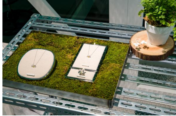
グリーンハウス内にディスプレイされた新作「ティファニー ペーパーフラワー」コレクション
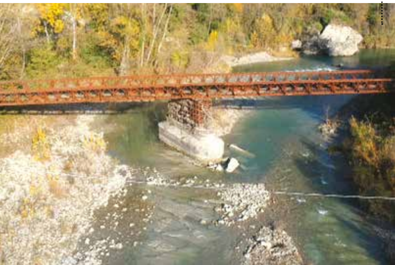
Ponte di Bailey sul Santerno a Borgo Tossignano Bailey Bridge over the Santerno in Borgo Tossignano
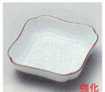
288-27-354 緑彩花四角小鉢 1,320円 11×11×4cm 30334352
──────
◆ ACTIVITY
Here the job is to quote the lines from the one with "Ponte di Bailey" through the end of the material, both included, exactly; please skip the pictures.

◆ PROBLEM SOLUTION
Ponte di Bailey sul Santerno a Borgo Tossignano Bailey Bridge over the Santerno in Borgo Tossignano
288-27-354 緑彩花四角小鉢 1,320円 11×11×4cm 30334352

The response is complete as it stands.